┌──
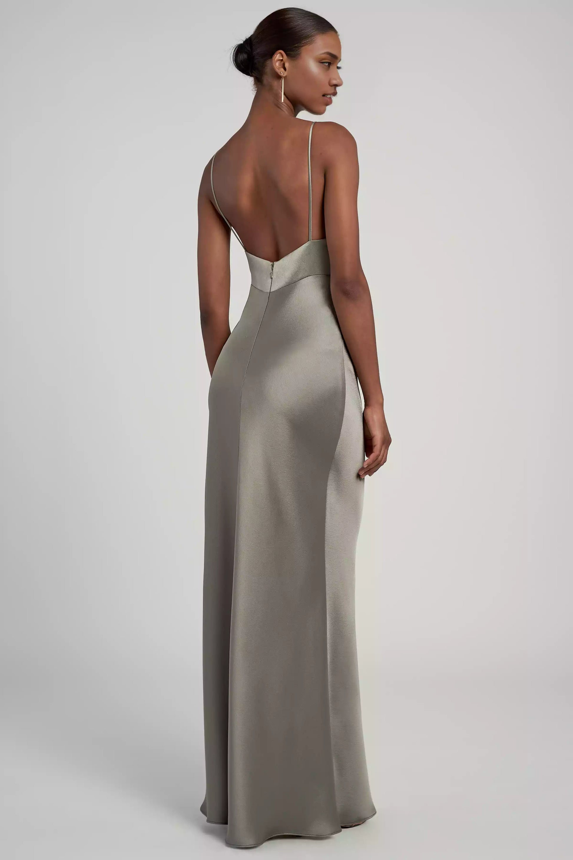 OKBBN's classic camisole satin V-neck thin shoulder strap, low round neck diagonal cut skirt, and mid zip Bridesmaid Dresses. This evening gown is made of satin material, with a deep V-design and backless elements, showcasing sexiness and elegance. The long silhouette fits the body shape, and the satin fabric has a premium texture, suitable for occasions such as socialite banquets and formal dinners. It is a high-quality choice to showcase noble temperament and fashionable taste.
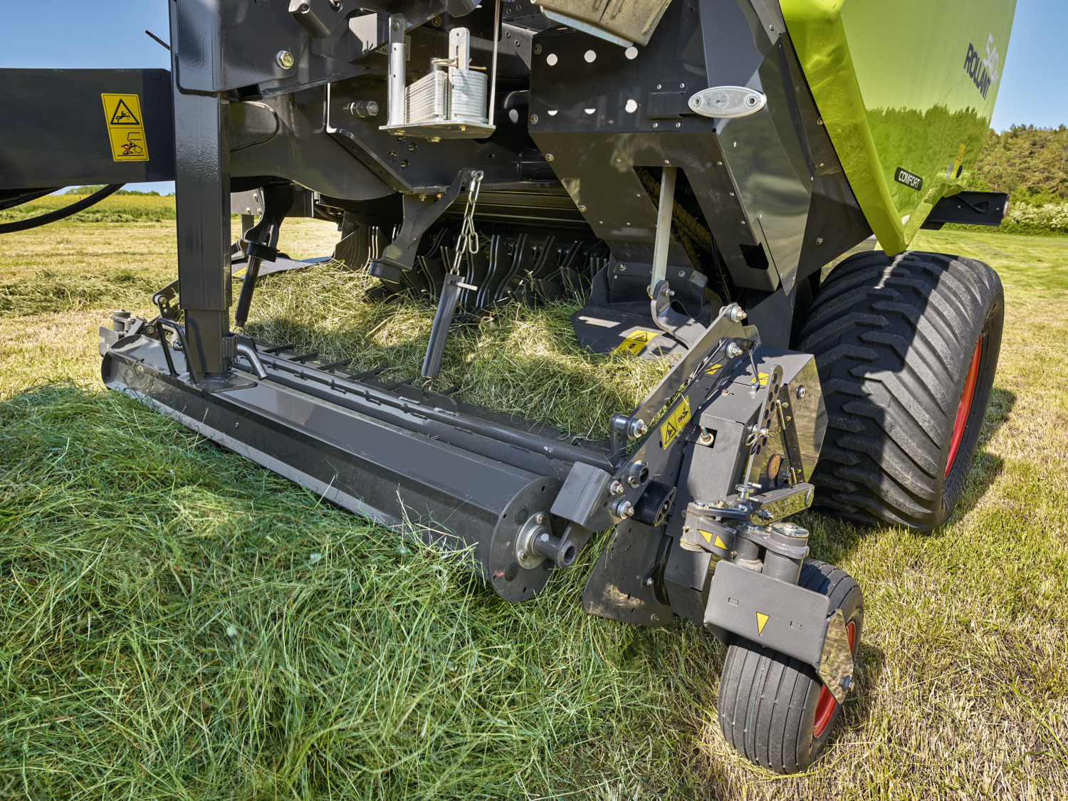 Een 2,10 meter brede pick-up haalt het gewas betrouwbaar en efficiënt op en een dubbele afplatrol is beschikbaar als optionele uitrusting. Dit verbetert de gewasstroom, vooral voor bijzonder grote en kleine zwaden, en bevordert een uniforme baalvorming. Twee zijaanvoervijzels zorgen voor een betrouwbare toevoer naar de rotor. Het optionele hakselmechanisme heeft 15 messen, met een theoretische snijlengte van 70 millimeter.
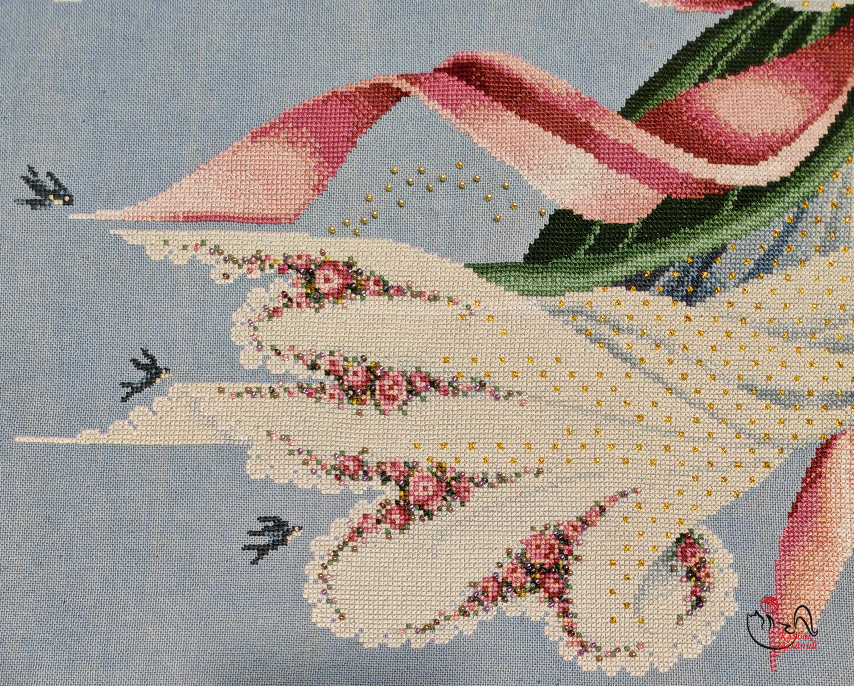 Техника выполнения: Счетный крест, обратный стежок, французские узелки, бисер.
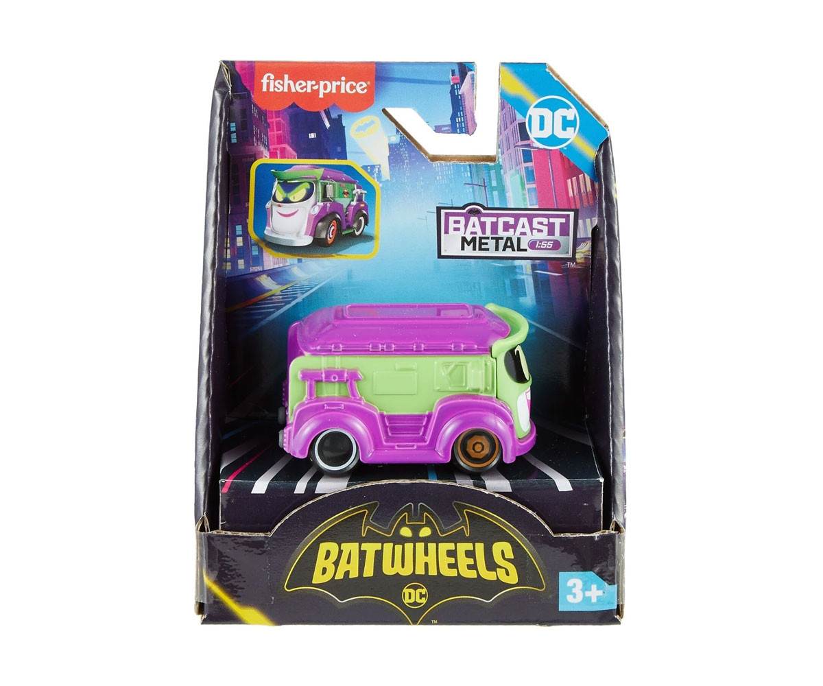 Децата в предучилищна възраст могат да участват във вълнуващи приключения за борба с престъпността, точно като в анимационния филм, с тази колекция от ляти коли Batwheels™ от Fisher-Price®. Всяко превозно средство в мащаб 1:55 има автентичен стил на героите Batwheels™, отляти под налягане материали Batcast Metal™ и истински въртящи се колела, така че младите бойци с престъпност да могат да изпратят любимите си DC превозни средства да се отзоват на помощ! Децата могат да ги съберат всички. (Продават се отделно в зависимост от наличността.)
└──
> [What you should do]
To answer, repeat exactly the lines from the line containing "Een 2,10 meter" through the last line of the data above, leaving out all pictures.

> [Answer section]
 Een 2,10 meter brede pick-up haalt het gewas betrouwbaar en efficiënt op en een dubbele afplatrol is beschikbaar als optionele uitrusting. Dit verbetert de gewasstroom, vooral voor bijzonder grote en kleine zwaden, en bevordert een uniforme baalvorming. Twee zijaanvoervijzels zorgen voor een betrouwbare toevoer naar de rotor. Het optionele hakselmechanisme heeft 15 messen, met een theoretische snijlengte van 70 millimeter.
 Техника выполнения: Счетный крест, обратный стежок, французские узелки, бисер.
 Децата в предучилищна възраст могат да участват във вълнуващи приключения за борба с престъпността, точно като в анимационния филм, с тази колекция от ляти коли Batwheels™ от Fisher-Price®. Всяко превозно средство в мащаб 1:55 има автентичен стил на героите Batwheels™, отляти под налягане материали Batcast Metal™ и истински въртящи се колела, така че младите бойци с престъпност да могат да изпратят любимите си DC превозни средства да се отзоват на помощ! Децата могат да ги съберат всички. (Продават се отделно в зависимост от наличността.)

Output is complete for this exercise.